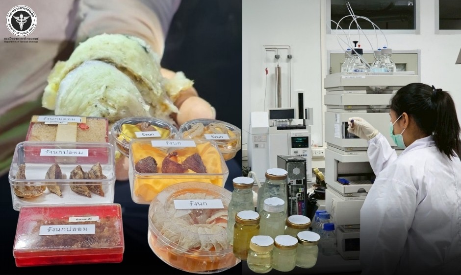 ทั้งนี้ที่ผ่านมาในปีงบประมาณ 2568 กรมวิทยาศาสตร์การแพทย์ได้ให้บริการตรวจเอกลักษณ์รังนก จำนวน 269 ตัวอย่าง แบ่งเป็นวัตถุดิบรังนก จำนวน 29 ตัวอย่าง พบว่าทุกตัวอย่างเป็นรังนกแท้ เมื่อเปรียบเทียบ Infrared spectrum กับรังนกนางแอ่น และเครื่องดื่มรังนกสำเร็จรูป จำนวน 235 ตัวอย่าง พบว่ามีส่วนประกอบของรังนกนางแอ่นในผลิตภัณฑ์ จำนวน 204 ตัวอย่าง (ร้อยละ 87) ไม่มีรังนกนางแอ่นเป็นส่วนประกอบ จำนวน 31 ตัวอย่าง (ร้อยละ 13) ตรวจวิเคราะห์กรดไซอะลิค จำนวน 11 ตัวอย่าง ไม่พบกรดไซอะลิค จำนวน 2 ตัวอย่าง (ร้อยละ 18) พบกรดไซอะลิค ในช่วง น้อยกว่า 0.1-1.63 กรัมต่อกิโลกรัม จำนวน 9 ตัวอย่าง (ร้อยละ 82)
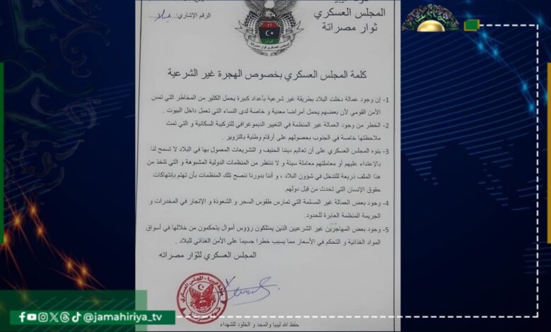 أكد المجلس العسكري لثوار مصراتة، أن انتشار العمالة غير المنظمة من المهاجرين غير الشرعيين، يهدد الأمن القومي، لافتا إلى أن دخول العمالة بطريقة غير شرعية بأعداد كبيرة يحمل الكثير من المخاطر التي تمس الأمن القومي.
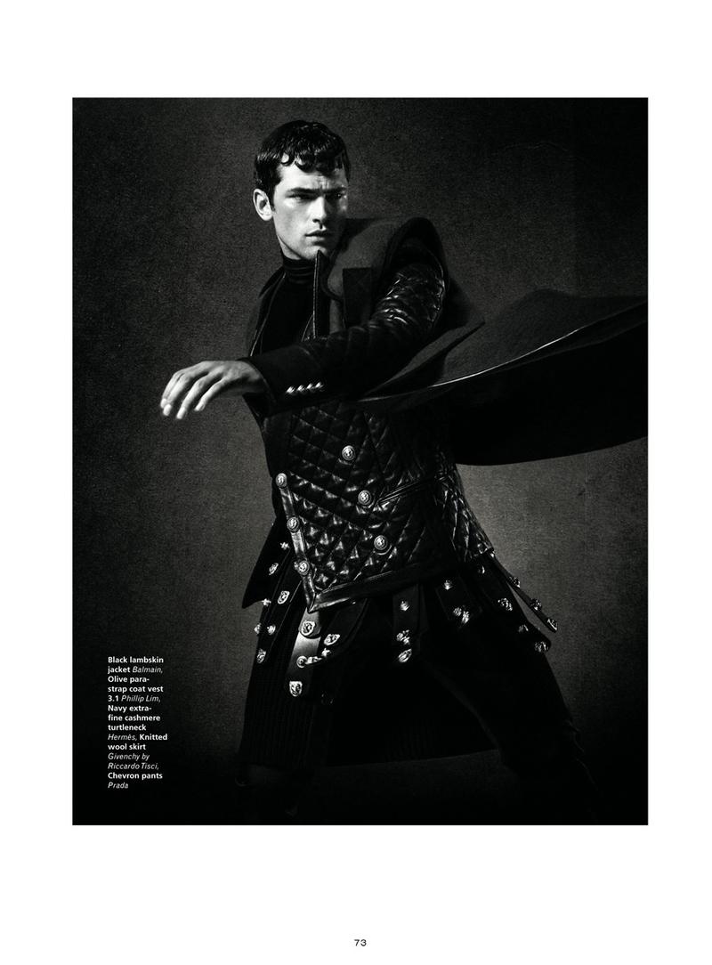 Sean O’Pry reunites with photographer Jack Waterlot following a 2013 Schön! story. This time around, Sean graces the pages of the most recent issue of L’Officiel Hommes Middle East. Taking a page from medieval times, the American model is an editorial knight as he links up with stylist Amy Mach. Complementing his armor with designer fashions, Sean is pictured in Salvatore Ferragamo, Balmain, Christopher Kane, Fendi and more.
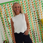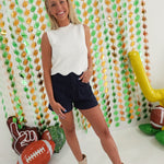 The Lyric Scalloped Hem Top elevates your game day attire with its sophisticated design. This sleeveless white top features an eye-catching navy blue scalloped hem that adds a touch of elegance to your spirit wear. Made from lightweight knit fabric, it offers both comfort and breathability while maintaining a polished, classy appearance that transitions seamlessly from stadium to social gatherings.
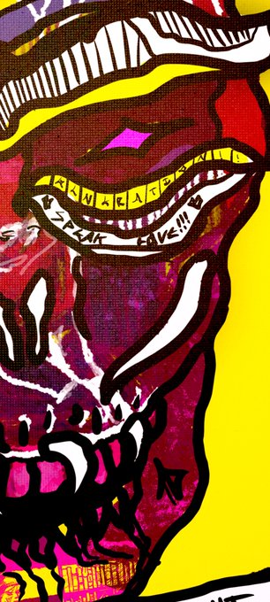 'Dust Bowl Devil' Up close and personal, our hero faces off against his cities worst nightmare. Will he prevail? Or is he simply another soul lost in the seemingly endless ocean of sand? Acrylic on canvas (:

§ §

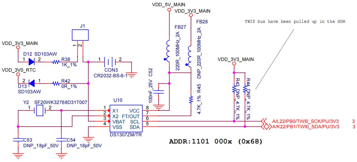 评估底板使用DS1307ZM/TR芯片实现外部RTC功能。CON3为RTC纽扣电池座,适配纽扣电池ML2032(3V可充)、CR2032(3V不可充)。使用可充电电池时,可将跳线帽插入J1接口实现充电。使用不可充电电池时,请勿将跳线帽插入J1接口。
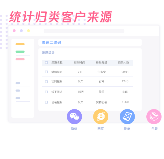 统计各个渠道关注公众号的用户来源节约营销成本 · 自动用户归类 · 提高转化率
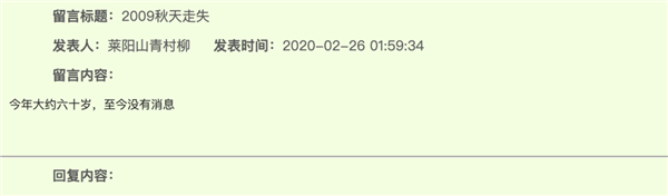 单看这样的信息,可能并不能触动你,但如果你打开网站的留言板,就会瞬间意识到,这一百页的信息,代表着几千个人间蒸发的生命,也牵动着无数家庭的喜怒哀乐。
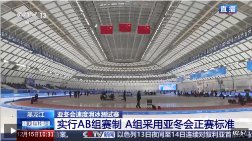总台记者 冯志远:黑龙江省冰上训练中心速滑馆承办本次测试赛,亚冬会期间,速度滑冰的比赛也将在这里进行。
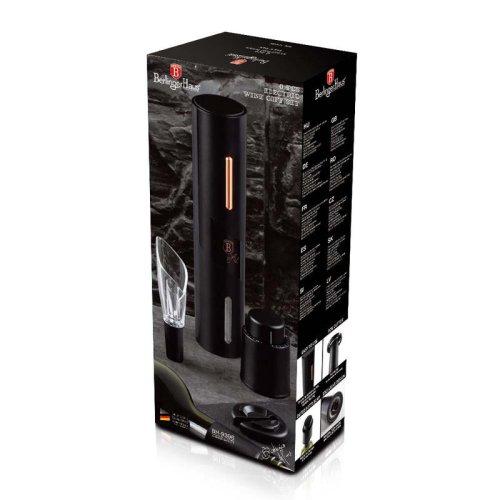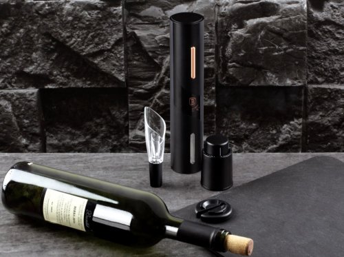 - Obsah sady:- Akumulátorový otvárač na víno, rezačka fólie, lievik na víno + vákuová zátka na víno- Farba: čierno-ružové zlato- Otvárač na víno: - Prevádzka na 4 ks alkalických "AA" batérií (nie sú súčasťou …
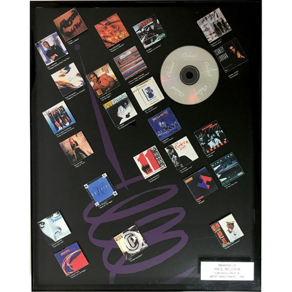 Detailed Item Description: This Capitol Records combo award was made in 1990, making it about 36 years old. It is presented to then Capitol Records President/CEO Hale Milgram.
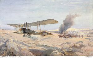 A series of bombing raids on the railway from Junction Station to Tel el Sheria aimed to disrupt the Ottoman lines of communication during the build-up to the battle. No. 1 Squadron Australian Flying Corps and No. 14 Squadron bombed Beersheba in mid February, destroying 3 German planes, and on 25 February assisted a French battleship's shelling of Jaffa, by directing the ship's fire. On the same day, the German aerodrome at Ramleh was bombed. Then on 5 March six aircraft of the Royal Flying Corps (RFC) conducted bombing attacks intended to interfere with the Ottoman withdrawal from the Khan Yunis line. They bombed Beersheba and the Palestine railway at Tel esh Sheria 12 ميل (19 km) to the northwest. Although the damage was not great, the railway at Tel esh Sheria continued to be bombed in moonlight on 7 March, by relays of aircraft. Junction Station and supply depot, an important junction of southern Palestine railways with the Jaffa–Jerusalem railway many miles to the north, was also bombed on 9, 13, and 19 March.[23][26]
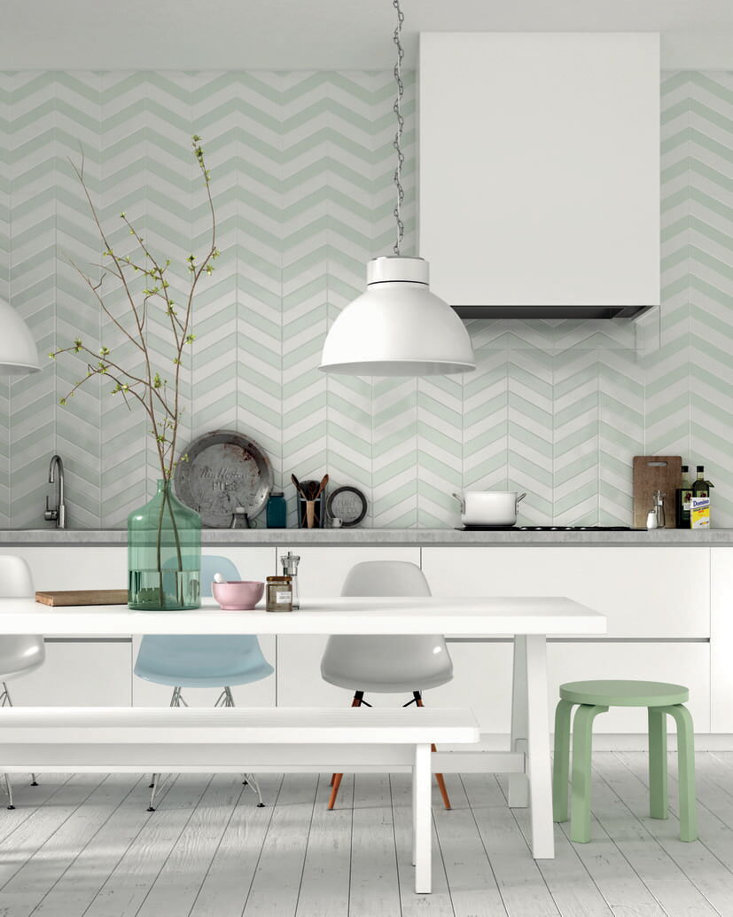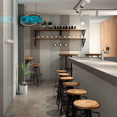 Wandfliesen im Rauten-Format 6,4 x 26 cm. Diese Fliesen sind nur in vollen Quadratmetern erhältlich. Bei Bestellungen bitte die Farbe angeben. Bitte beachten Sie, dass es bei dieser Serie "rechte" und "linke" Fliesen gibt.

§ §

All that should be printed is the run of lines above from the one with "单看这样的信息,可能并不能触" through the one with "- Obsah sady:- Akumulátorový", both included, exactly as given, with pictures left out.

## Expected answer
 单看这样的信息,可能并不能触动你,但如果你打开网站的留言板,就会瞬间意识到,这一百页的信息,代表着几千个人间蒸发的生命,也牵动着无数家庭的喜怒哀乐。
总台记者 冯志远:黑龙江省冰上训练中心速滑馆承办本次测试赛,亚冬会期间,速度滑冰的比赛也将在这里进行。
 - Obsah sady:- Akumulátorový otvárač na víno, rezačka fólie, lievik na víno + vákuová zátka na víno- Farba: čierno-ružové zlato- Otvárač na víno: - Prevádzka na 4 ks alkalických "AA" batérií (nie sú súčasťou …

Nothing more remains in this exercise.